With BaseSpec, we analyzed the implementation of cellular standard L3 messages in 18 baseband firmware images of 9 devices models from one of the top three vendors. BaseSpec identified hundreds of mismatches that indicate both functional errors and potentially vulnerable points. We investigated their functional and security implications and discovered 9 erroneous cases affecting 33 distinct messages: 5 of these cases are functional errors and 4 of them are memory-related vulnerabilities. Notably, 2 of the vulnerabilities are critical remote code execution (RCE) 0-days. We also applied BaseSpec to 3 models from a different vendor in the top three. Through this analysis, BaseSpec identified multiple mismatches, 2 of which led us to discover a buffer overflow bug.

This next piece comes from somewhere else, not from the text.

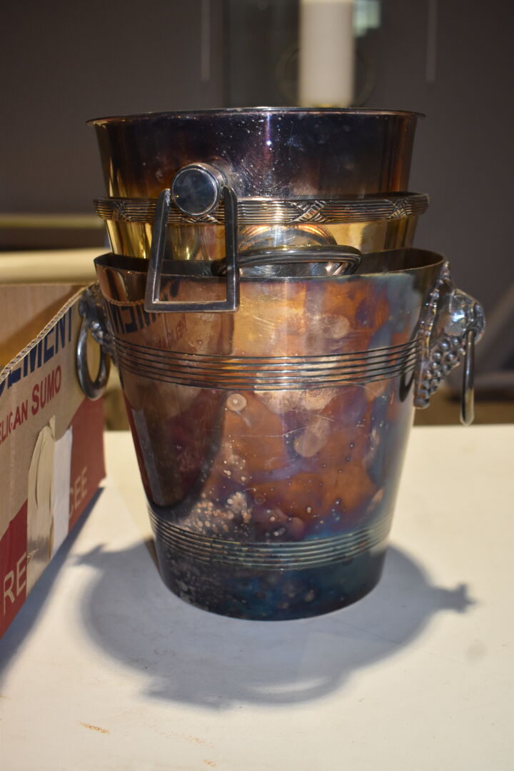 Fort ensemble en métal argenté dont partie de service à thé, plateaux, légumiers, saupoudreuse, verseuse, seaux à champagne et divers (3 cartons).

For more details, please see our
paper
.

Disclaimer

The current release of BaseSpec only includes the parts that are irrelevant to the vendors: preprocessing (i.e., memory layout analysis and function identification), complementary specification parsing, and comparison.

We reported all findings to the two vendors; one strongly refuses to publish the details, and the other has not responded to us yet. The one that refused, particularly, concerned that complete patch deployment would take a long time (over six months) because they should collaborate with each mobile carrier. According to the vendor, they should request the patches to ~280 carriers to update ~130 models globally. Due to this complexity, the vendor thinks that numerous devices might remain unpatched and vulnerable to our bugs. We agree with this and anonymize the vendor in the paper.

How to use

0. Using BaseSpec in IDA Pro

BaseSpec contains python scripts based on IDA Pro APIs (IDAPython). To use
BaseSpec, first load the baseband firmware of interest into IDA Pro at the
correct locations, which may require parsing of vendor-specific firmware
file formats.
Then, import load_ida.py as a script file in IDA Pro (using Alt+F7).

1. Preprocessing

For scatter-loading, use basespec.scatterload as below.

from basespec import scatterload
scatterload.run_scatterload()

For function identification, use basespec.preprocess as below.

from basespec import preprocess
preprocess.init_functions()
preprocess.FUNC_BY_LS # identified functions by linear sweep prologue detection
preprocess.FUNC_BY_LS_TIME # time spent for linear sweep prologue detection
preprocess.FUNC_BY_PTR # identified functions by pointer analysis
preprocess.FUNC_BY_PTR_TIME # time spent for pointer analysis

For string initialization, use basespec.preprocess as below.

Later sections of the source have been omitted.